In the proposed work, the task of shot boundary detection is achieved by employing edge information and incorporating fuzzy logic [57]. The edge detection process is likely to consist of several sub processes or phases [52]. The mathematical framework introduced by Bezdek et al., [6] consisting of several phases viz., conditioning, feature extraction, blending and scaling for edge detection is used by many methods in the literature. The concept of fuzzy logic can be applied in all the phases or at a specific phase depending on the nature and complexity of the video to produce better shot detection results [29]. In classical edge detection, binarization step causes information to be lost in digital frames [35]. The use of fuzzy sets for intermediate representation of edges may capture the important information [29, 51], which can help to describe the content of the video frame better and handle ambiguities in digital frames. This has motivated the authors to carry out the proposed SBD work.

The focus of this work is to identify abrupt and gradual transition in the videos. An attempt is made to enhance edge detection capability and address uncertainty in digital frames. Initially, the grayscale frames are transformed into gradient frames using Sobel detector. The Sobel gradient distribution of pixels are subjected to fuzzification process using triangular membership function (MF). The proposed method employs block based cumulative sum approach on each 3 × 3 block pixels of fuzzified gradient frame. This local feature discriminates the spatial distribution and is robust to noise and illumination variation. Further, the mean of cumulative sum is computed and is used to produce MCSH histogram of every video frame. Thus, the video is represented in terms of MCSHs and each MCSH describes the video frame information globally. Threshold devising strategy is accomplished by applying RSD statistical measure on the obtained MCSH histograms of every frame of a video for shot transition detection. Efficacy of the proposed method in terms of precision, recall and F1-score has been demonstrated by conducting extensive experiments on the TRECVID and VideoSeg datasets.

Rest of the paper is organized as follows: Section 2 gives a detailed description of the related work. Section 3 presents the proposed methodology covering the details about feature extraction and shot boundary detection. Experimental analysis and results are discussed in section 4 followed by conclusion in section 5.

2 LITERATURE REVIEW

With the advancement in CBVR technology, there is a great demand for robust and reliable SBD algorithms [7]. A comprehensive survey on recent developments of SBD has been reported by Abdulhussain et al., [3]. Numerous challenges of shot boundary detection and extensive review of several techniques are presented by Hu et al., [19] and Yuan et al., [56]. Some of the important work related to SBD, which address abrupt and gradual transitions are discussed in the following paragraphs. Among the several approaches proposed in the literature to address the problems of SBD, following are some of the interesting works, which have explored histograms, edge based, block based features and soft computing techniques.

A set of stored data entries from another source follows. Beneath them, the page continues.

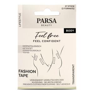 Parsa Beauty Fashion Tape leveres i to forskellige formater, så du kan vælge den type, der passer bedst til dit outfit. De 27 strips i pakken gør det muligt at bruge tapen flere gange. Ideel til udskæringer, skjorter og stropløse styles.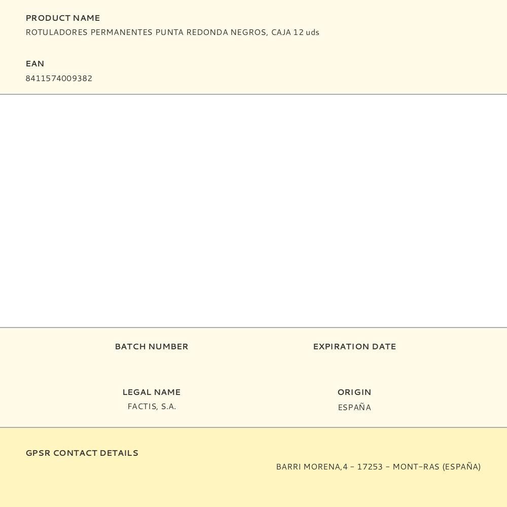 Pack Con 12 Rotuladores Negros Permanentes. Punta Redonda Milan. Rotuladores Permanentes Color Negro. Rotulador Permanente Sobre La Mayoría De Materiales. Tinta A Base De Alcohol. Punta Redonda Ø4Mm. Recomendamos Tapar Después De Usar Y Almacenar En Posición Horizontal.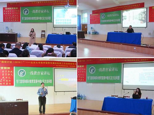 另外,北京的付静老师、姚咏梅老师,黔东南州的卢晓娟老师、靳建梅老师、廖安华老师的讲座,则从一线教师的教学实际出发,以真实事例展现,与台下老师分享了自己多年积累的宝贵的教育教学经验,也向台下老师传递了真心爱学生的正能量,让台下听众无不为之动容。
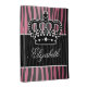 A girly zebra striped pattern in pink and black with a crown. Shown on a Caseable iPad Folio Cases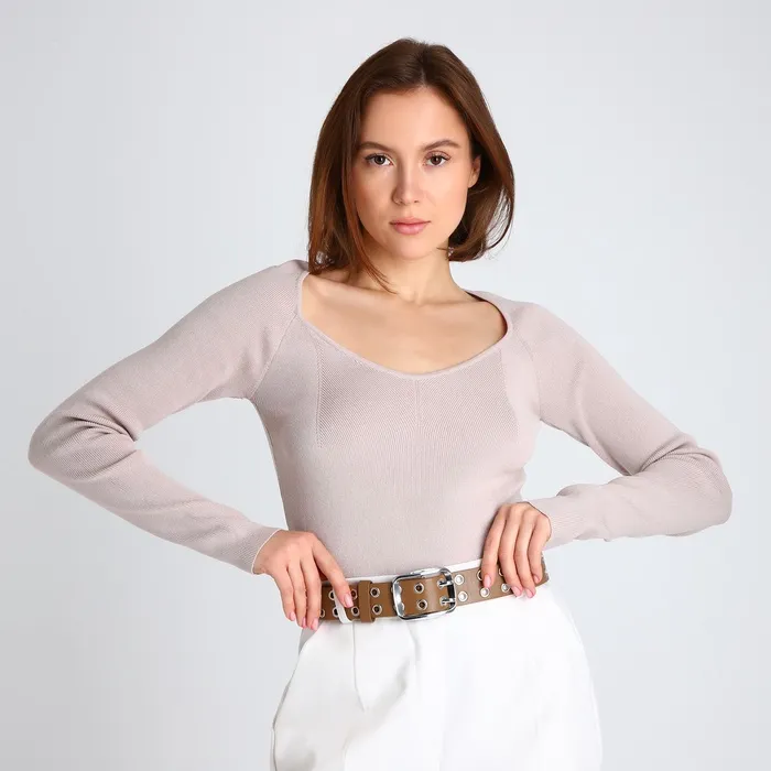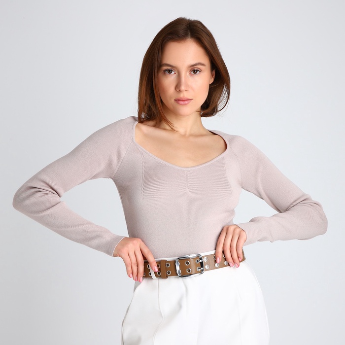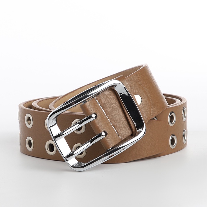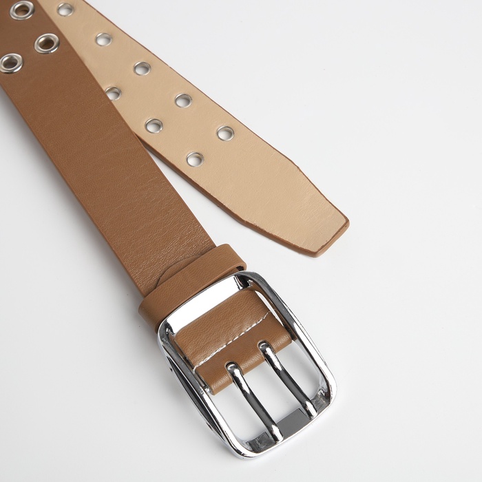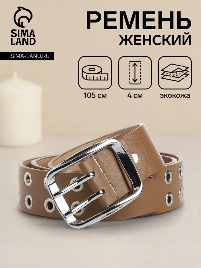 Ремень женский, ширина 4 см, люверсы, винт, пряжка металл, цвет бежевый — Характеристики
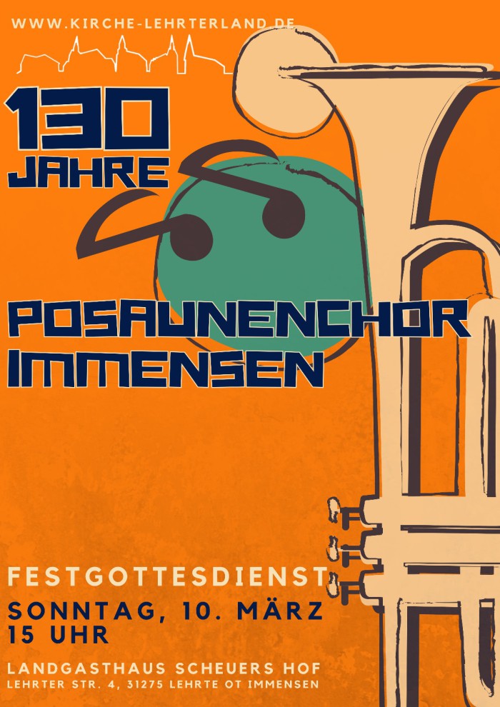In Immensen lĂ€sst der Posaunenchor bereits seit 1894 seine Töne und KlĂ€nge bei vielen in Immensen und in der Umgebung stattfindenden Veranstaltungen erschallen. Bei kirchlichen, weltlichen, traurigen und fröhlichen AnlĂ€ssen ertönt das breit gefĂ€cherte Repertoire des Chores. Viele Gottesdienste â z.B. zu Weihnachten, Ostern, Himmelfahrt â, manches runde JubilĂ€um oder hoher Geburtstag bekommen durch den Posaunenchor einen festlichen Charakter. Der Chor hat dabei unterschiedliche Einsatzorte, die von Kirche, ĂŒber Scheune bis hin zu Wald und Flur reichen. FĂŒr ihren Posaunenchor begeistern sich seit 130 Jahren immer wieder altbewĂ€hrte und neue BlĂ€ser!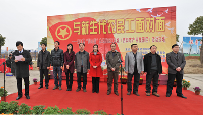 2012-03-30 14:22:43面对面情系农民工 同心圆爱撒集聚区 团市委开展与新生代农民工面对面同心圆走进产业集聚区活动 3月21日上午,共青团信阳市委、信阳工业城联合举办了......

Histogram is a global feature and does not capture spatial details of the pixels. Hence, it is robust to camera or object motion than pixel based methods. Mas and Fernandez [32] have depicted the effectiveness of color histogram descriptor using color space and quantization method by discriminating the least significant bits of each RGB component. City block distance between color histograms were measured and compared against threshold to detect shot cuts. Ji et al., [22] used the concept of accumulative histogram difference and support points for detection of dissolve transition. Lu and Shi [30] proposed singular value decomposition and candidate segment selection method for SBD. A frame feature matrix is formed by extracting color histogram in hue saturation value to identify cut and gradual transition. Li et al., [27] presented three-stage approach based on Multilevel Difference of colour histograms for detecting cut and gradual boundaries. Detection of shot boundaries are attempted by Hannane et al., [16] by extracting SIFT and edge-SIFT keypoints from each frame. Adaptive threshold is applied on the computed distance values of SIFT-PDH between the frames and shot boundaries are identified. Prasertsakul et al., [36] presents a novel technique for classifying several camera operations in videos using 2D histogram. 2D motion vector (MV) fields are generated by applying an existing block based MV estimation method in polar coordinates. MVs in each frame that share the similar magnitude and orientation features are utilized to classify the camera operations by representing the 2D histogram.

Edge is an important local feature to represent discontinuity in pixel intensity. Pixels belonging to same object exhibit continuity in pixel intensity and vice versa. Significant changes in the edge pixels between consecutive frames, indicate a shot change. Since spatial information is not considered, missed shot boundaries may occur [48]. This technique is applied to detect both abrupt and gradual transitions. Heng and Ngan [18] presented shot boundary detection using object based edge detection. The authors proposed time stamping transferring mechanism, which utilizes information across multiple frames. Moving objects across the gradual transition frames instead of adjacent frames are tracked by the concept of edge object tracking. Zheng et al., [60] proposed heuristic algorithm for detection of fade in and fade out transition. This work utilizes Robert edge detector and transition is detected by identifying the separation from object motion by employing predefined adaptive threshold. Adjeroh et al., [4] introduced adaptive edge oriented framework using multilevel features based on shot variability to address the problem of identifying abrupt transition. Three levels of adaptation are considered by the authors: at the feature extraction stage using locally-adaptive edge maps, at the video sequence level, and at the individual shot level. Adaptive parameters for multilevel edge based approach are formulated to determine adaptive thresholds for detection of shot boundaries. Priya and Domnic [38] used edge strength as feature vector that are extracted by projecting block of frames over vector space. The sum of absolute difference between the features of the blocks of the corresponding frames are evaluated. Shot transitions are categorized by using similarity difference values.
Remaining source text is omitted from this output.